Would mainly have been referring to "for profit" companies with directors on salary / expenses. Understand position on voluntary especially those with charitable or sporting exemptions as there isn't a C.T. issue anyway.

She was quite forceful in her belief that expenses would only be CT allowable if the director was on the payroll. However I've failed to find any specific exclusion and wonder if its something buried deep in an inspector manual somewhere but not specifically excluded in legislation. Perhaps more digging required !


----------



## ubiquitous (17 Jul 2007)

Graham_07 said:


> (I) wonder if its something buried deep in an inspector manual somewhere but not specifically excluded in legislation.



Me also. 

...or maybe in her imagination? You never know.... 

Best of luck with it anyhow.


----------



## Graham_07 (17 Jul 2007)

ubiquitous said:


> Me also.
> 
> ...or maybe in her imagination? You never know....
> 
> Best of luck with it anyhow.


 

Revenue auditors with imagination.now theres a novel thought


----------



## contemporary (17 Jul 2007)

what about setting up a new company taking the business with you and leaving the current company and letting the company become dormant?


----------



## Carols (19 Jul 2007)

Thanks for all the advice guys.  I didnt know I could set up a new company without his consent.  I know its me that is growing the business but would he not be able to take a case agaisnt me if I did this, i.e. pull business away from the current company into a new company.  Also if leases are offered to be renewed and his name is on current lease with me - does he not have to be offered the next set of 4 years and 9 months as well or is that totally up to me at that point?  Sorry about all these questions, you must all think I have no business sense, but I am more hands on day to day, than used to dealing wth all the legal stuff.


----------



## ClubMan (19 Jul 2007)

Carols said:


> Sorry about all these questions, you must all think I have no business sense, but I am more hands on day to day, than used to dealing wth all the legal stuff.

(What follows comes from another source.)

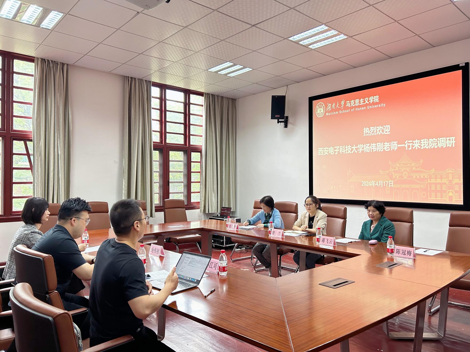 (通讯员 高宇璇)为不断加强与全国重点PA视讯官方网站的交流,共同探索跨地区高校PA视讯官方网站“手拉手”集体备课机制建设,4月17日上午,PA视讯官方网站教师代表杨伟刚一行赴湖南大学开展调研活动。湖南大学PA视讯官方网站思想道德与法治教研部部长、支部书记曾兰,教授蒋飞云,副教授张平等参加了此次调研活动。

So leave the legal stuff to the experts. Get a solicitor.


----------



## command (19 Jul 2007)

as a director of the company you have an obligation to the company to act int he best interests of the company. These is a degree of case law governing the extent that you can set up and go into competition with a company to which you have such a duty of care. 

You could be prosecuted for breach of company law. Either a solcitor or good accountant should be able to let you know the extent to which you can compete with the existing company.


----------



## Maine (20 Jul 2007)

Get legal advice

however very important to remember he has serious obligations as director

1. To file accounts
2. to repay loans

being a director of a company like above may mean

1. He is banned from being a director in the future
2. His credit rating is damaged - loans not repaid

Sounds like business assets are low. Seriously consider setting up new company and /or opening legal correspondance with him regarding his directors obligations. In reality the existing company will likely not come after you as there is no one there with an interest in doing so. Typically only the revenue would do it if they were owed alot of back taxes.

if you pull the plug on it right now he is facing joint responsibility and the banks will come looking to him for the loans too ......in full if you do not pay them. A few legal letters including explaining the banks want to meet him about the losses and repaying the loans and he may be jumping at the bit to get out of it.

Also look on the bright side - you saw his true nature before you created real value in the company for him to take 50% of it. 
keep the equity next time !


----------